No, that wasn't the scenario - it was:

You're spinning reading an IO device, whose state depends indirectly
on a *CPU memory* write that is forever buffered.

(Go and re-read 'git show 534be1d5' if you haven't already.)

The indirect dependence is that another CPU needs to see that write
before it can tell the device to change state in whatever way the
first CPU is polling for.

It's probably clearer in code:

CPU #1

    spin_lock(&mydev->lock);
    /* Look at state. */
    spin_unlock(&mydev->lock);       <-- THIS MEMORY WRITE BUFFERED FOREVER

    /* We expect this to be quick enough that polling is cool. */
    while (readl(mydev->reg_status) & MYDEV_STATUS_BUSY) {
        /* If only we had cpu_relax() */
    }

CPU #2

    spin_lock(&mydev->lock);         <-- STUCK HERE
    /* Look at state. */
    spin_unlock(&mydev->lock);

    writel(MYDEV_TRIGGER, mydev->reg_go);   /* Device is BUSY until this. */

The deadlock in this code (might) happen when CPU #2 is waiting for
the spinlock, and CPU #1's memory write remains in its write buffer
during CPU #1's polling loop.

If that can happen, it's fixed by adding cpu_relax() - to generic
driver code with polling loops.

It can only happen if any CPUs (i.e.
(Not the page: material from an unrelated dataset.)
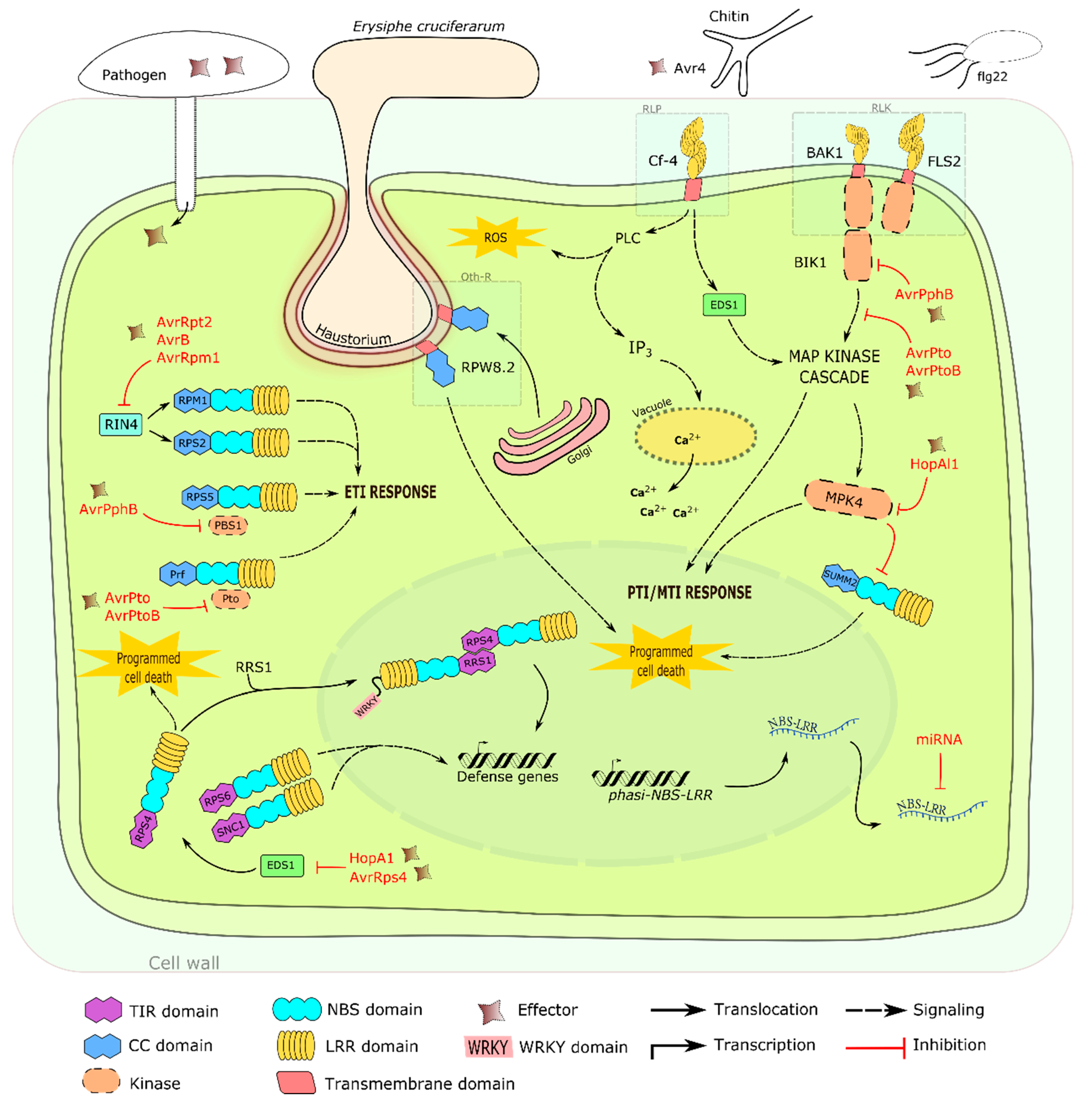 | FLS2 | AED95370 | LRR-STK | RLK | 5 | Powdery mildew | AvrPto, AvrPtoB | P. syringae | [99] | |

ARMv6) that buffer writes due to
prioritising continuous memory reads also have that effect for
continuous IO reads.  This might even apply to non-ARM archs with
non-trivial cpu_relax() definitions; I don't know as they don't always
explain why.

The above driver style isn't particularly obvious, but there are a lot
of drivers with almost every conceivable access pattern.  If you use
your imagination, especially if the second code is an interrupt
handler, it's plausible.  Even though this example would be better
sleeping and waiting normally - there's nothing inherently forbidden
about the above pattern (except that cpu_relax() is needed).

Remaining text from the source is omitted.